The collected strips were then published in book form by André Deutsch.

Synopsis[edit]

In a tank Herr Thatchler leads the charge; Jock Steel and Doc "Killer" Owen are helplessly entrenched; and "Fatty" Heffer looks cynically on as "Taffy" Kinnock leads the retreat.

The strip is considered to rank alongside the best to appear in the magazine. It was a satirical presentation of the struggles of the Labour Party opposition led by Neil Kinnock against the Conservative government led by Mrs Thatcher. The style borrowed liberally from Fleetway's War Picture Library comic series, and also D. C. Thomson & Co.'s Commando. In such comics the Germans were typically portrayed as one-dimensional stereotypes, uttering phrases such as "Dummkopf", "Der Teufel", "Donner und Blitzen", "Gott in Himmel", "Schweinhund", etc. seemingly spoken in the accents used by Nazi villains in British war films. This was reflected in Battle for Britain.

The background[edit]

There were three groups of protagonists.

The humour[edit]

The humour in the strip relied heavily on puns and put-downs, with characters often making cynical and unpleasant remarks at others on their own side. "Taffy" Kinnock in particular is always mocked by "Fatty" Heffer's cruel cockney humour. Meanwhile, von Gummer and later Jeffroech Archer (Jeffrey Archer) are referred to by Thatchler's other henchmen as "Gumkopf" and "Archcreep schwein". Hislop and Newman skilfully portrayed events in contemporary political life in terms of the fictional battle stories as depicted in the comic-books:

Example[edit]

Cartoon from 1986

This particular example of the strip was published in Private Eye in July 1986 at about the time when Parliament was about to go into recess.
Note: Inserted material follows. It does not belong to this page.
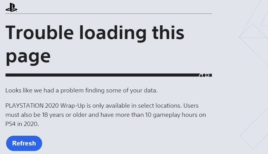 Some players are also reporting issues getting it to work, even in qualifying regions and with plenty of play time. When I try to run my stats, I got the following error telling me there was “Trouble loading this page.” I’m almost certain Utah falls within the “select locations,” and I can assure you I have well over 10 gameplay hours on my PS4 in 2020. Maybe it just didn’t want to shame me with how much Destiny 2 and Call of Duty: Warzone I played during the year. It was… a lot. (Update: Try refreshing this page a whole bunch. I was eventually able to force mine to work. The system may just be overloaded.)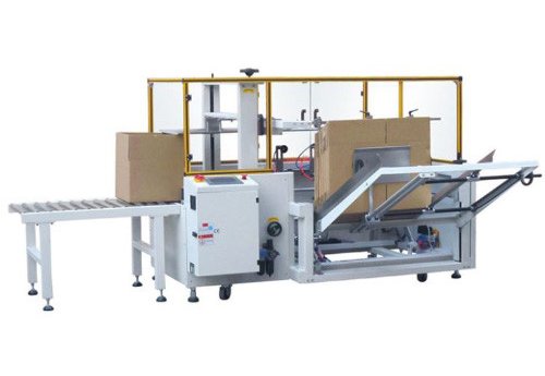 Применяется для формирования и запечатывания картонных коробов одного размера. Для перехода на другой размер требуются ручные настройки, занимающие 2 – 3 минуты. Магазин вмещает приблизительно 100 заготовок. Получаемая коробка размерами должна быть в пределах Д 250 – 450 × Ш 150 – 400 × В 100 – 400 мм.

  • Labour had just won the Newcastle-under-Lyme by-election.[1] Kinnock (holding the flag) was in the middle of a struggle to assert his authority as party leader in the face of an attempted takeover by the entryist Militant group, and had recently managed to expel leading Militant activist Derek Hatton from the party.[2] Hatton (carrying the bag) is shown with fellow left-wingers (but not Militant members) Tony Benn (in the dress) and Eric Heffer.
  • The Alliance had failed to gain the seat by about 800 votes.[3] They had complained that the media were not giving them as much coverage as they felt their campaign deserved, which they alleged cost them a famous win.
  • Thatcher was being heavily criticised by other Commonwealth leaders for her mildly lukewarm support for sanctions against the apartheid regime in South Africa led by President P.W. Botha.[4]
  • As a result, half the eligible participant countries boycotted the 1986 Commonwealth Games being held in Edinburgh.
  • The Conservative Party was worried about its standing in the opinion polls, especially as speculation was starting to grow that a general election was likely to be held the following year.

Aftermath[edit]

When the series ended in 1987, it was replaced by Dan Dire, Pilot of the Future?, which took a similar comic book view of politics. This time the model was Frank Hampson's artwork for Dan Dare, in the popular 1950 - 1969 comic for boys Eagle. In keeping with the science fiction theme, Kinnock became "Dan Dire" (the questioning title was over whether or not he would ever be Prime Minister); Mrs Thatcher became "The Maggon" in reference to Dan Dare's arch-enemy The Mekon; and Owen became "Doctor Whowen", a reference to BBC sci-fi hero Doctor Who.